At six I put a frozen pizza in the oven. Yvonne Marcus called as I was taking it out.
“Mary Louise still isn’t home, and she’s not answering her cell. I was wondering if she’d shown up at your place?”
“I haven’t seen her. You’ve no idea where she might have gone?”
A pause. Too long.
“Mrs. Marcus?”
“Mary Louise and I had a little tiff this morning. Trivial, really. She wanted to wear her hair in this ridiculous upsweep, and I insisted she braid it as usual.” The chuckle sounded less genuine than earlier. “Perhaps I just don’t want my little girl to grow up.”
“Has she done this before?” I glanced at the window. It was now full dark outside.
“The little imp can hold a grudge.”
“I’m happy to look around Sharon Hall.”
“If it’s not too much bother. She often goes there to feed the birds.”

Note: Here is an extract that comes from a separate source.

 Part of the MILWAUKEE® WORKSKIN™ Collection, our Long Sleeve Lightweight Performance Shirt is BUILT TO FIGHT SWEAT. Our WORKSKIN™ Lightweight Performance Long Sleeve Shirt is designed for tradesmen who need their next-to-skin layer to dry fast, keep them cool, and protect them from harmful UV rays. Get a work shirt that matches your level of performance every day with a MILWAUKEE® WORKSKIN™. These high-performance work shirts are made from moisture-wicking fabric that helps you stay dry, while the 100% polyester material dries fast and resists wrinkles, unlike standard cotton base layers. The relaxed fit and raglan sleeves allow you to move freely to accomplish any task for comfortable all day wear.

“It’s no bother.” Actually, I was glad for the diversion.
One slice of pepperoni and cheese, then I set off. Though I walked the grounds and called out repeatedly, my efforts yielded no sign of Mary Louise.
I phoned the Marcus home. Yvonne thanked me, apologized again. Reassured me there was no need to worry.

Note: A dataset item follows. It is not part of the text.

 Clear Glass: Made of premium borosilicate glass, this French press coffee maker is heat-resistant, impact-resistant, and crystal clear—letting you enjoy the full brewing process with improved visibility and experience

And I was back to mute phones and the silence of the annex. To the obstinate dossiers.
To subtle taunting by my subconscious.
Screw the files. I stretched out on the couch in the study. Crossed my ankles. Closed my eyes. Cleared my mind.
What had happened? What had been said? What had I read? Seen? Done?
I allowed facts and images to percolate in my head. Names. Places. Dates.
The files. The conference room boards. Gower. Nance. Estrada. Koseluk. Donovan. Leal.
The old cases in Montreal. Bastien. Violette. McGee.
The more I struggled, the more the subliminal needle lay flat on the gauge.
The interview with the Violettes. With Sabine Pomerleau. With Tawny McGee’s parents, Bernadette and Jake Kezerian.
Little blip there.
The photo. The realization that McGee had CAIS. The conversation with Lindahl.
Blip.
McGee was our perp. Though devastating, I knew it in my soul.
Where was she? Who was she?
I thought of the interviews with Slidell.
Hamet Ajax.
Ellis Yoder.
My higher centers touched something in the murky depths.
What?
Alice Hamilton.
The needle blipped higher.
Come on. Come on.
A dingy apartment on North Dotger.
The needle lifted, dropped as the thing slipped away.
Crap. Crap. Crap.
From nowhere, a comment by Slidell. Alice down the rabbit hole.
A name printed on a magazine. Alice Hamilton.
A name scribbled in a journal in a cellar. Alice Kimberly Hamilton.
The needle fired up and slapped over to the right.